Traduction : « Les membres du Conseil de sécurité de l’ONU ont condamné l’escalade de violence à Tripoli et l’escalade militaire dans le sud de la Libye »

Les forces pro-GNA ont annoncé sur leurs pages Facebook avoir vaincu leurs rivaux et maintenu leurs positions dans la capitale. Elles ont même pu prendre le contrôle de la prison où étaient détenus les principaux dirigeants de l'ancien régime, comme le dernier Premier ministre de Mouammar Kadhafi, Baghdadi al-Mahmoudi, et l'ex-chef des services de renseignements, Abdallah Senoussi.

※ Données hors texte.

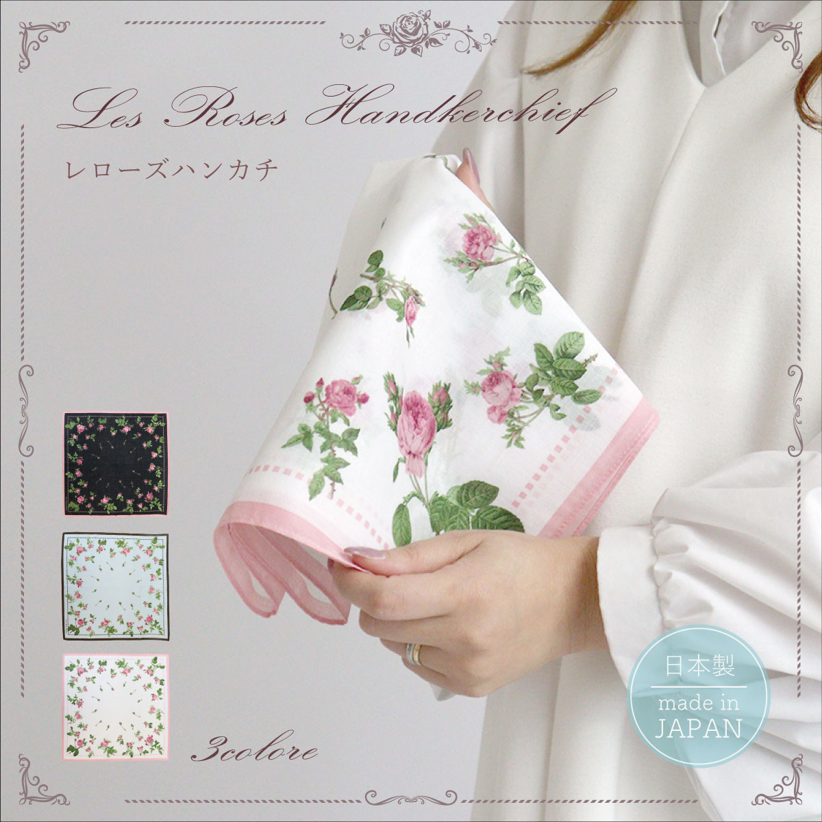 ハンカチ 薔薇 バラ 日本製 女性 レディース 婦人 53×53 綿100% お礼 お祝い 記念品 誕生日 プレゼント 贈り物 プギフト LALUICE
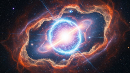 A cosmic explosion with a blue and white center surrounded by fiery orange gas and a star field.

Samedi, alors que l'aviation loyale à Khalifa Haftar, a annoncé avoir participé aux frappes aériennes menées par l'Égypte en Libye, le gouvernement d'union nationale (GNA) basé à Tripoli et appuyé par la communauté internationale a pourtant dénoncé les raids égyptiens à Derna comme une « atteinte contre la souveraineté » du pays.

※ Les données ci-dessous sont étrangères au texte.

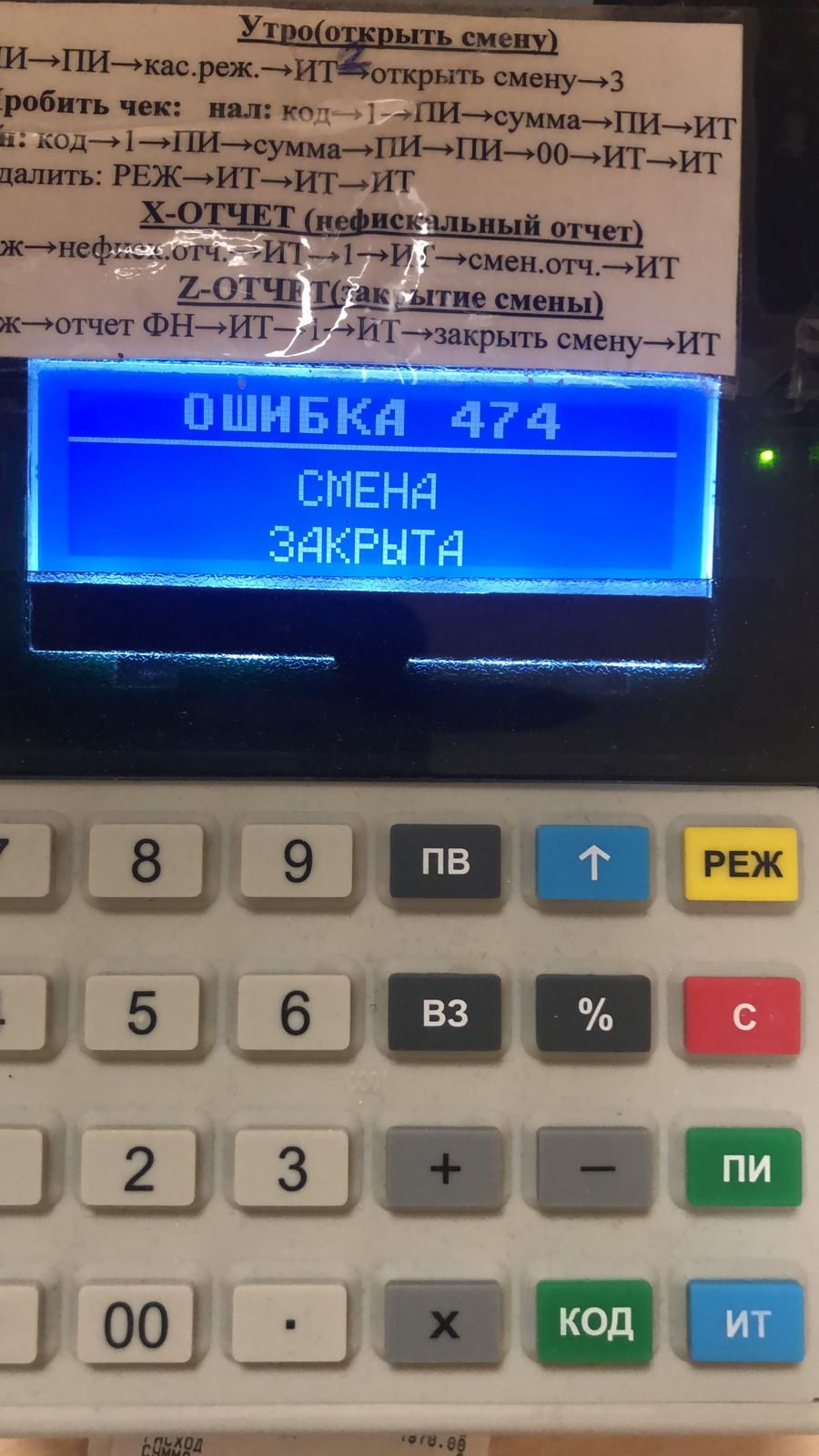 Как исправить ошибку ошибку 474 "смена закрыта"
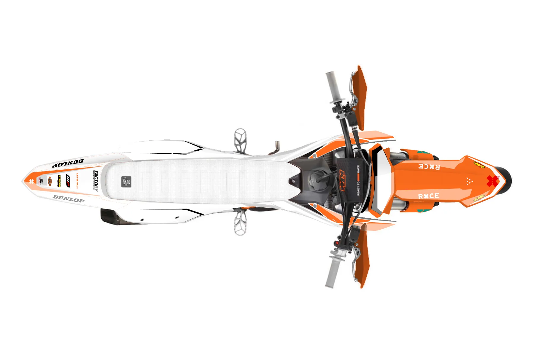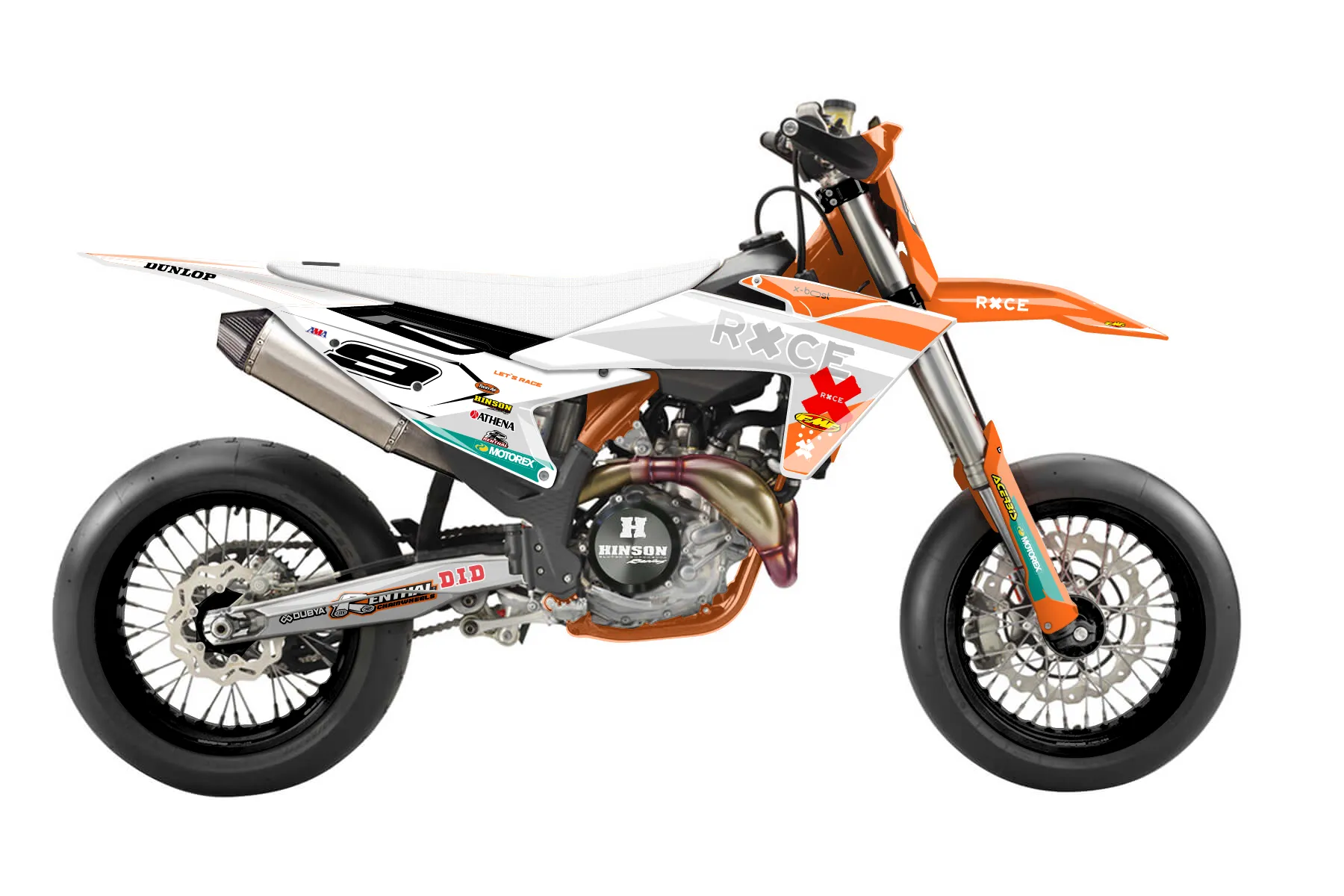 «Fist» — готовый комплект графики серии Staple для KTM Supermoto KTM SMR 450 2025. В комплекте: графика на бак и боковые облицовки, крылья (переднее и заднее), передний щиток, номерные таблички, защита вилки. Материал: ПВХ-винил 80 мкр с холодной ламинацией 300 мкр, общая толщина 380 мкр; покрытие глянцевое или матовое на выбор. Устойчив к UV-излучению, воде, бензину и мойке высокого давления. Клей акриловый на сольвентной основе — постоянный, для гибких пластиков. На простых поверхностях монтируется без нагрева; для сложных изгибов рекомендуем фен. Этот пресет можно заказать как есть или взять за основу в конструкторе: поменять цвета, добавить стартовый номер и свой бренд. Производство — 3–5 рабочих дней, доставка по России СДЭКом или Почтой, по СНГ — курьерскими службами.

Depuis jeudi, les forces de Haftar ont aussi pris le contrôle de la base de Tamenhent dans le sud-est, où mi-avril, l’Armée nationale libyenne avaient frontalement attaqué les forces armées soutenant le GNA. 

Selon nos informations, le Croissant-Rouge algérien et le ministère de la Solidarité, relayés par une ONG libyenne locale ont envoyé depuis Illizi (sud-ouest  algérien) une aide alimentaire dans le sud-est de la Libye.